The Order of the Solar Temple (, OTS) and the  International Chivalric Organization of the Solar Tradition, or simply The Solar Temple, is a cult and religious sect that claims to be based upon the ideals of the Knights Templar. OTS was founded by Joseph di Mambro and Luc Jouret in 1984 in Geneva, as l'Ordre International Chevaleresque de Tradition Solaire (OICTS), and later it was renamed Ordre du Temple Solaire. It is associated with a series of murders and mass suicides that claimed several dozen lives in France, Switzerland, and Canada in 1994 and 1995.

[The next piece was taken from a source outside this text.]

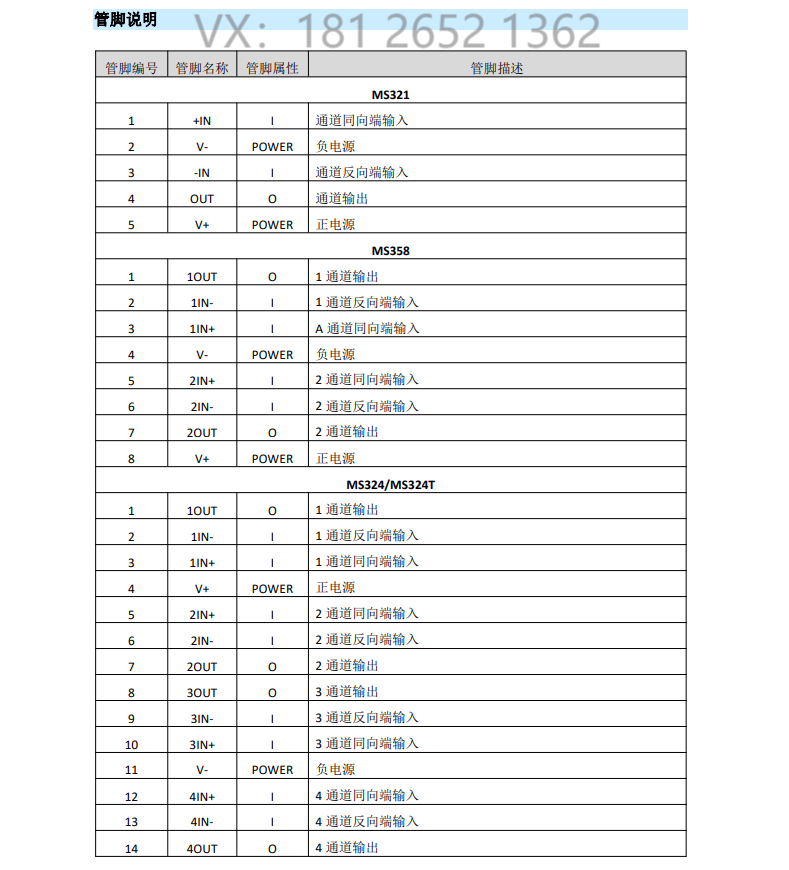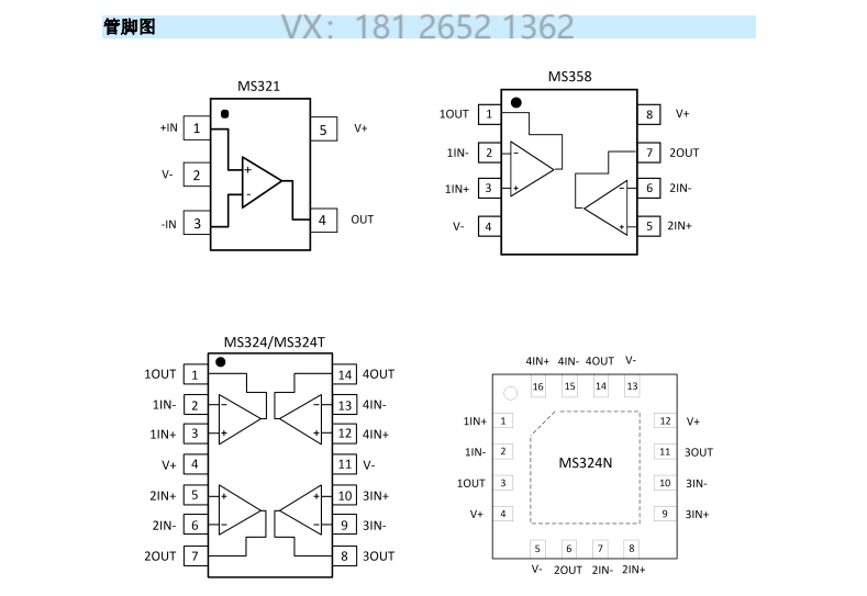 MS321/358/324分别适用于SOT23-5、SOP8、SOP14/TSSOP14 和QFN16封装。总的来说,MS321/358/324是一个低功耗,宽电源电压范围的运放。且它具有经济的价格,使其应用领域宽泛。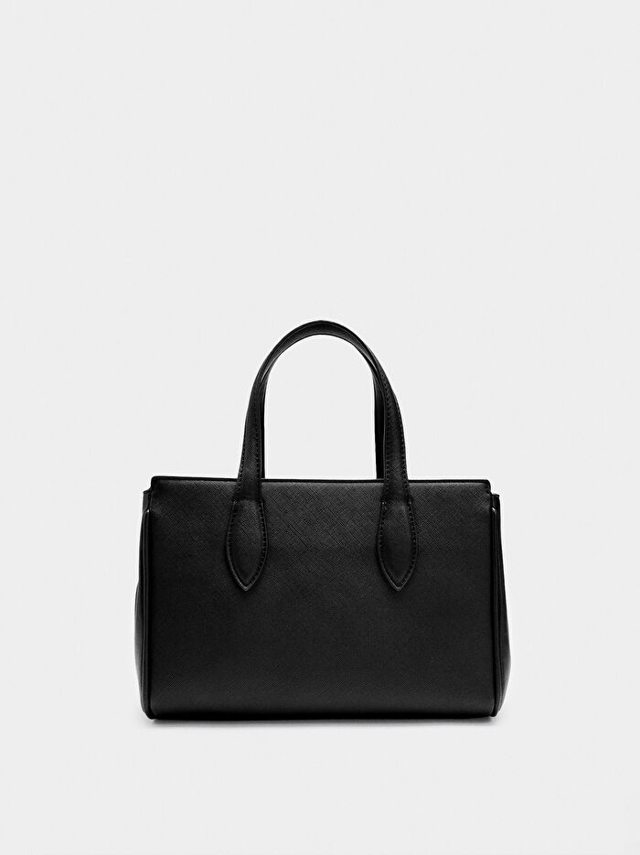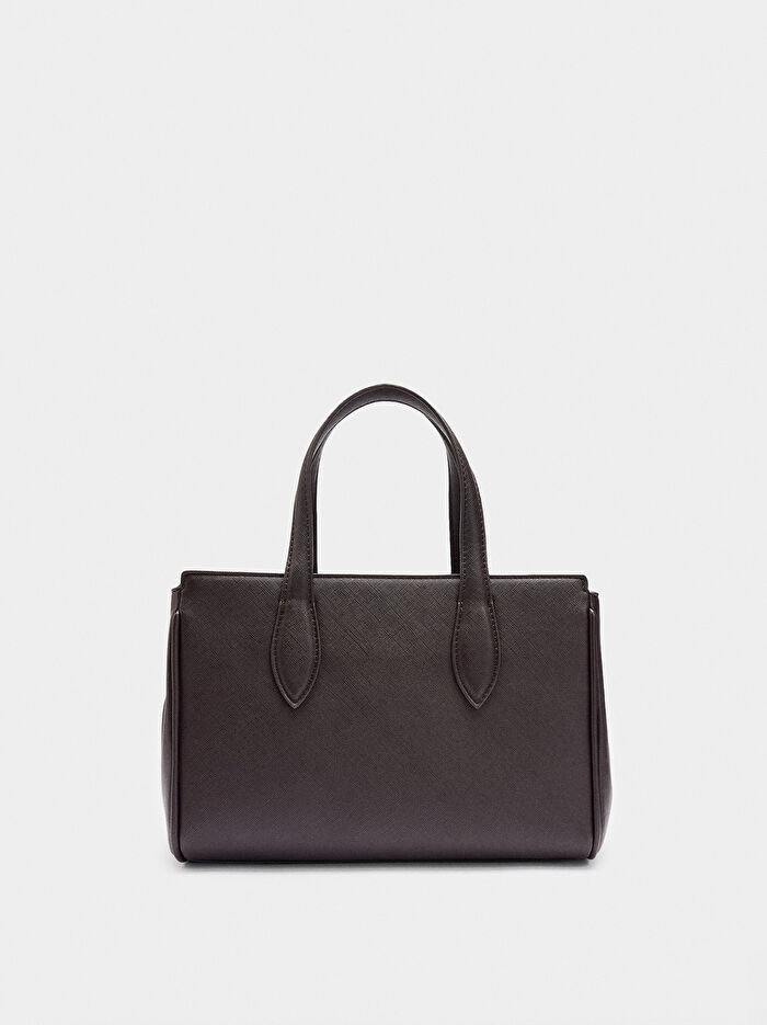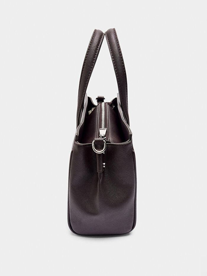Dokulu tote çanta. Orta boy. İç bölmeler; biri fermuarlı. İç astar. Fermuarlı ana açıklık. Sabit el sapları. Ayarlanabilir ve çıkarılabilir çapraz askı.

Some historians allege that the Solar Temple was founded by the French author Jacques Breyer, who established a Sovereign Order of the Solar Temple in 1952. In 1968, a schismatic order was renamed the Renewed Order of the Solar Temple (ROTS) under the leadership of the French right-wing political activist Julien Origas.

Beliefs 
According to "Peronnik" (a pseudonym of temple member Robert Chabrier) in his book, "Pourquoi la Résurgence de l'Ordre du Temple? Tome Premier: Le Corps" ("Why a Revival of the Order of the Solar Temple? Vol. One: The Body") 1975, pp. 147–149, the aims of the Order of the Solar Temple included: establishing "correct notions of authority and power in the world"; an affirmation of the primacy of the spiritual over the temporal; assisting humanity through a great "transition"; preparing for the Second Coming of Christ as a solar god-king; and furthering a unification of all Christian churches and Islam. The group reportedly drew some inspiration for its teachings from British occultist Aleister Crowley, who headed the Ordo Templi Orientis from 1923 until his death in 1947, and the Hermetic Order of the Golden Dawn, a 19th-century Rosicrucian Order Crowley belonged to briefly. Both occult groups had a grade system somewhat similar to the Solar Temple. 
There were Solar Temple lodges in Morin Heights and Sainte-Anne-de-la-Pérade, Quebec, Canada, as well as in Australia, Switzerland, Martinique and other countries. The Temple's activities were a mix of early Christian Identity, UFO religion and New Age philosophy using variously adapted Freemason rituals. Jouret was interested in attractive, wealthy and influential members, and it was reputed that several affluent Europeans were secret members of the group.

Structure 
According to the literature of the OTS, the central authority was the Synarchy of the Temple, whose membership was secret. Its top 33 members were known as the Elder Brothers of the Rosy Cross (an alternative name for the Rosicrucians), and were headquartered in Zürich, Switzerland. The Council of the Order formed Lodges that were run by a Regional Commander and three Elders.  Progression in the Order was by levels and grades, with three grades per level — the levels being The Brothers of Parvis, The Knights of the Alliance and the Brothers of the Ancient Times, in ascending order.  There were many organizations associated with the OTS, including the International Archedia Sciences and Tradition, Archedia Clubs, Menta Clubs, Agata Clubs and Atlanta Clubs, all of which offered the teachings of Luc Jouret both to the general public and privately to OTS members. The Lodges had altars, rituals and costumes. Members were initiated at each stage of advancement in ceremonies which included expensive purchases, jewellery, costumes, regalia, and the payment of initiation fees. During ceremonies, members wore Crusader-type robes and were to hold in awe a sword, which Di Mambro said was an authentic Templar artifact, given to him a thousand years ago in a previous life.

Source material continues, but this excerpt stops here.